> **WHAT YOU NEED TO DO**
Begin with the line below holding "适用范围 | 适用于测量成人的收缩压、舒张压及脉率。 |" and go on through the line holding "Alan Chan个人混音、母带处理等后期制作。 |", duplicating each line exactly and leaving out pictures.

> **GIVEN INFORMATION**
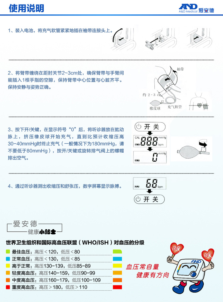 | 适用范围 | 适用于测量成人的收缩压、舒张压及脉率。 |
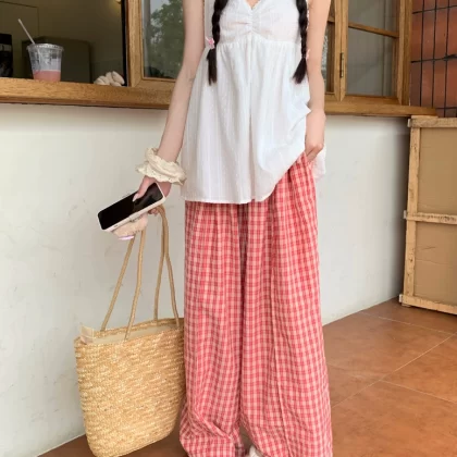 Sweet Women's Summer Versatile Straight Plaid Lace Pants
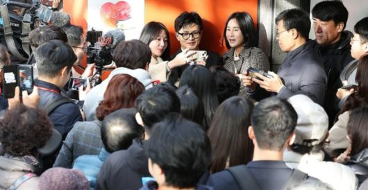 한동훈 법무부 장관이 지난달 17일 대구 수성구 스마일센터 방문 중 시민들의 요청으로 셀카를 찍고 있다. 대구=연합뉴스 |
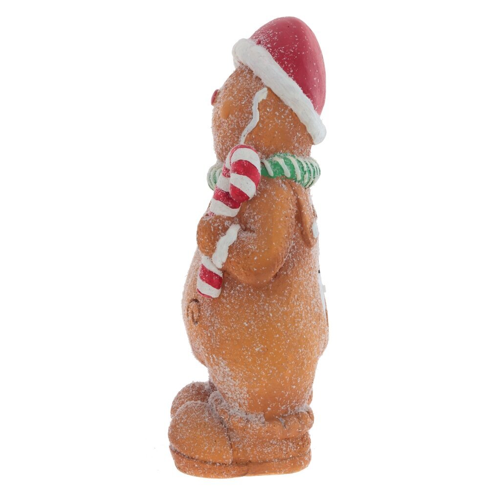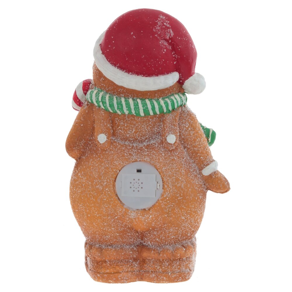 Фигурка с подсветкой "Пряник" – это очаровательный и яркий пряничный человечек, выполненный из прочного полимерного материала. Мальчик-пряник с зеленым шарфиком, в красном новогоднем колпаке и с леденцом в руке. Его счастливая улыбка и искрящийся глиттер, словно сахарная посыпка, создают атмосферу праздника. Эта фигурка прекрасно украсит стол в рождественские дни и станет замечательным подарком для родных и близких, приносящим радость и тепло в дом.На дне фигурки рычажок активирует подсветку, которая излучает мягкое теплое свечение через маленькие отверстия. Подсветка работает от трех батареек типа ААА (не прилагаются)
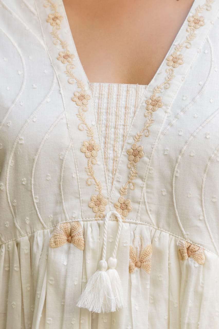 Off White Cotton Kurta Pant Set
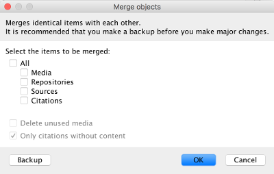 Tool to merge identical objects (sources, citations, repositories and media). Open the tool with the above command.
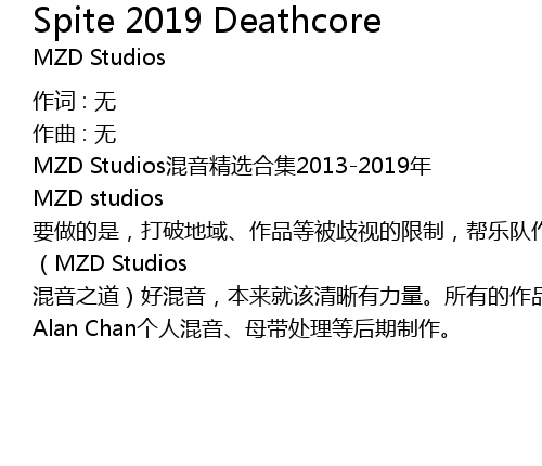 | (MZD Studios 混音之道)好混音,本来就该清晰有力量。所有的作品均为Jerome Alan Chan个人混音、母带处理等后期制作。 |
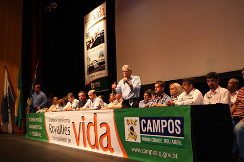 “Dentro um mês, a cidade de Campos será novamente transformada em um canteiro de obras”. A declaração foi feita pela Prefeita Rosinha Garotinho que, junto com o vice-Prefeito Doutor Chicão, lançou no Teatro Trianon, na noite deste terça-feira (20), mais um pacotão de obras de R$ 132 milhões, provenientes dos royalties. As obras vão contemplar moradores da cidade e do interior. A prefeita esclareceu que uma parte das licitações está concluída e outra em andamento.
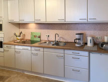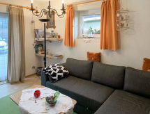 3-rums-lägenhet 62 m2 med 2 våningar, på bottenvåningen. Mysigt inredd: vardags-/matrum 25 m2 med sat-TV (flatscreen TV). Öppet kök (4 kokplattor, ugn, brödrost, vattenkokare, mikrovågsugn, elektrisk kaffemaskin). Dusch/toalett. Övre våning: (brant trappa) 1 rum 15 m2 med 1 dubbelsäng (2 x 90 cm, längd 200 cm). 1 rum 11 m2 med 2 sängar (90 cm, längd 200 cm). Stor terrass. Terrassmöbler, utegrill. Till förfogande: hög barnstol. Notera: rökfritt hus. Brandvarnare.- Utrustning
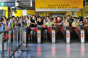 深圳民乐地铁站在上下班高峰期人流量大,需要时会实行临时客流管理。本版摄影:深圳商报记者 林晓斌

--

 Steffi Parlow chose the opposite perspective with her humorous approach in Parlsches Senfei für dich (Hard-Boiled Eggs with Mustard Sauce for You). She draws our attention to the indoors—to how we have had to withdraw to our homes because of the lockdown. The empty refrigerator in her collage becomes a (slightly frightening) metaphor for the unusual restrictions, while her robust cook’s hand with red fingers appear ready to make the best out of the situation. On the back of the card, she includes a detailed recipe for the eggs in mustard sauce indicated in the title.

> **RESULT OF THE EXERCISE**
 | 适用范围 | 适用于测量成人的收缩压、舒张压及脉率。 |
 Sweet Women's Summer Versatile Straight Plaid Lace Pants
 한동훈 법무부 장관이 지난달 17일 대구 수성구 스마일센터 방문 중 시민들의 요청으로 셀카를 찍고 있다. 대구=연합뉴스 |
 Фигурка с подсветкой "Пряник" – это очаровательный и яркий пряничный человечек, выполненный из прочного полимерного материала. Мальчик-пряник с зеленым шарфиком, в красном новогоднем колпаке и с леденцом в руке. Его счастливая улыбка и искрящийся глиттер, словно сахарная посыпка, создают атмосферу праздника. Эта фигурка прекрасно украсит стол в рождественские дни и станет замечательным подарком для родных и близких, приносящим радость и тепло в дом.На дне фигурки рычажок активирует подсветку, которая излучает мягкое теплое свечение через маленькие отверстия. Подсветка работает от трех батареек типа ААА (не прилагаются)
 Off White Cotton Kurta Pant Set
 Tool to merge identical objects (sources, citations, repositories and media). Open the tool with the above command.
 | (MZD Studios 混音之道)好混音,本来就该清晰有力量。所有的作品均为Jerome Alan Chan个人混音、母带处理等后期制作。 |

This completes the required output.